Онлайн книга «Имя мне - Красный»

Cтраница 105

Однако взгляд мастера Османа уже стал отсутствующим, как у слепца; увеличительное стекло он держал в руке не для того, чтоб лучше видеть, а по привычке. Мы немного помолчали. Потом мастер Осман велел карлику, слушавшему его рассказ, словно печальную сказку, принести другую книгу, подробно описав, как должен выглядеть ее переплет. Когда карлик ушел, я простодушно спросил:

– Кто же тогда нарисовал коня для книги Эниште?

– У обоих коней ноздри усечены, однако конь из муракка, где бы его ни нарисовали – в Самарканде или в Междуречье, – нарисован в китайском стиле, а прекрасный конь из книги Эниште – в манере старых мастеров Герата. Такого изящного коня редко встретишь в жизни. Это не монгольский конь, а конь, созданный мечтой художника.

– Однако его ноздри усечены, как у настоящего монгольского коня, – прошептал я.

– Дело в том, что двести лет назад, когда монголы ушли, а на смену им явился Тимур и его потомки, кто-то из старых мастеров, работавших в Герате, нарисовал чудесного коня с изящно усеченными ноздрями. Может быть, этот мастер видел такие ноздри у настоящей монгольской лошади, а может быть – на рисунке другого художника. Никто и никогда уже не узнает, для какой книги была сделана та миниатюра, для какого шаха готовилась книга, однако я уверен, что рисунок понравился кому-то во дворце – например, любимой жене султана – и после этого на некоторое время получил большую известность. Не сомневаюсь я и в том, что по этой причине все заурядные художники, завидовавшие славе мастера, принялись копировать лошадь с усеченными ноздрями. Таким образом, эта лошадь, а вместе с ней и ее ноздри, стала в той мастерской образцом, впечатавшимся в память художников. Потом, когда правитель той страны потерпел поражение в войне, эти художники, словно печальные жены, отправляющиеся в новый гарем, разбрелись по свету, чтобы найти себе новых покровителей. Скорее всего, большинству из них никогда больше не пришлось рисовать коней с усеченными ноздрями, потому что это противоречило стилю тех мастерских, где они стали работать.

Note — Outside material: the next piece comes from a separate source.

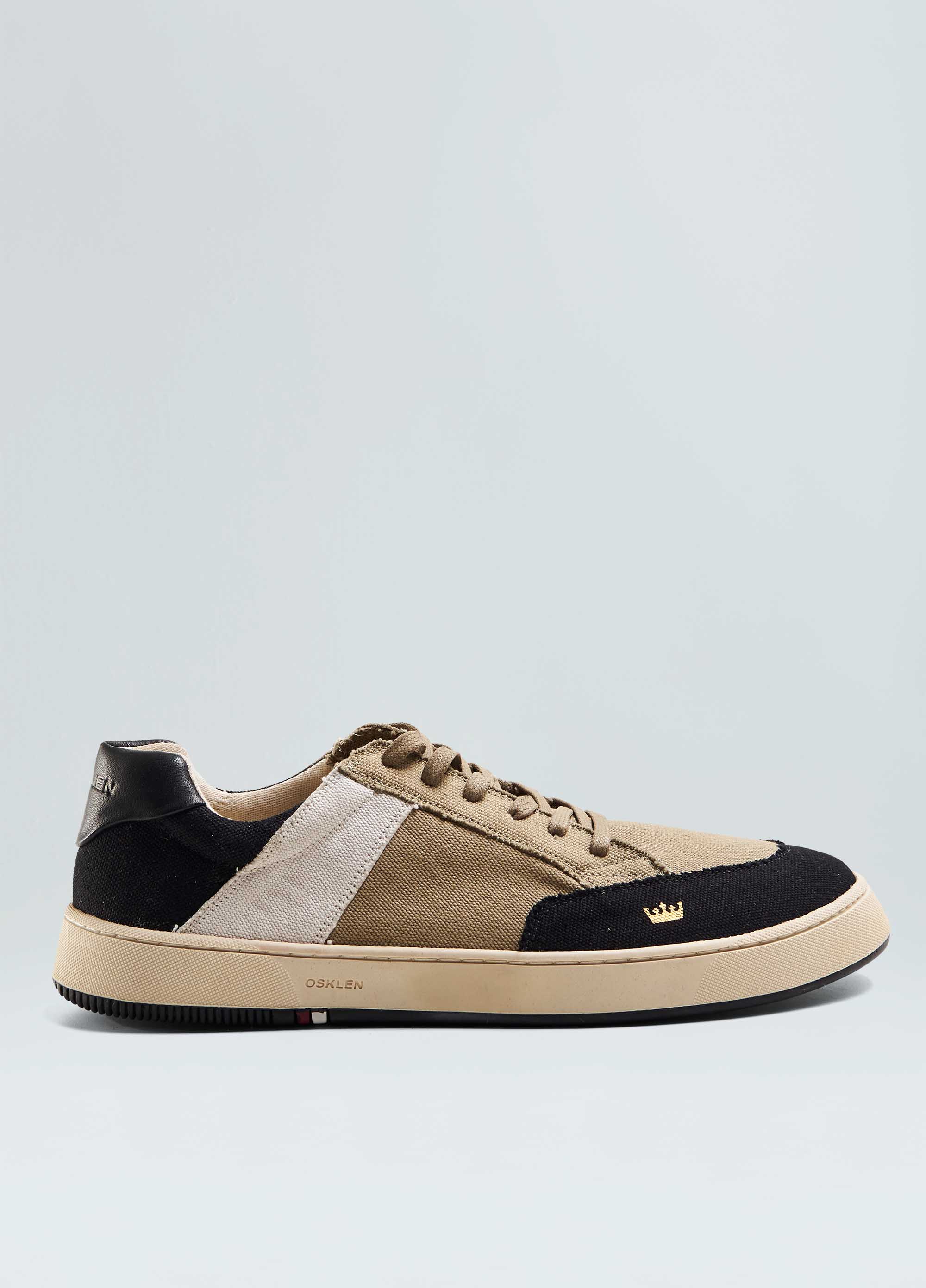 Tênis Soho em lona 100% algodão. Modelo de amarração com cadarço de algodão. Forro em sarja 100% algodão e palmilha em couro. Solado de borracha costurado ao cabedal com design exclusivo Osklen, produzido com no mínimo 10% de material reciclado. Produto Re-Design Waste.

Однако другие художники не только продолжали упрямо следовать затверженной манере, но и своих красивых подмастерьев учили рисовать лошадей с изящно усеченными ноздрями, говоря, что так делали старые мастера. Так и получилось, что столетия спустя после того, как монголы ушли из стран арабов и персов, а сожженные и разграбленные города вернулись к жизни, некоторые художники продолжали рисовать лошадей с усеченными ноздрями, полагая, что это образец. Не сомневаюсь, что многие из них ведать не ведали ни о монгольских завоевателях, ни о том, какие у них были кони, а просто рисовали по образцу, как это делают и наши художники.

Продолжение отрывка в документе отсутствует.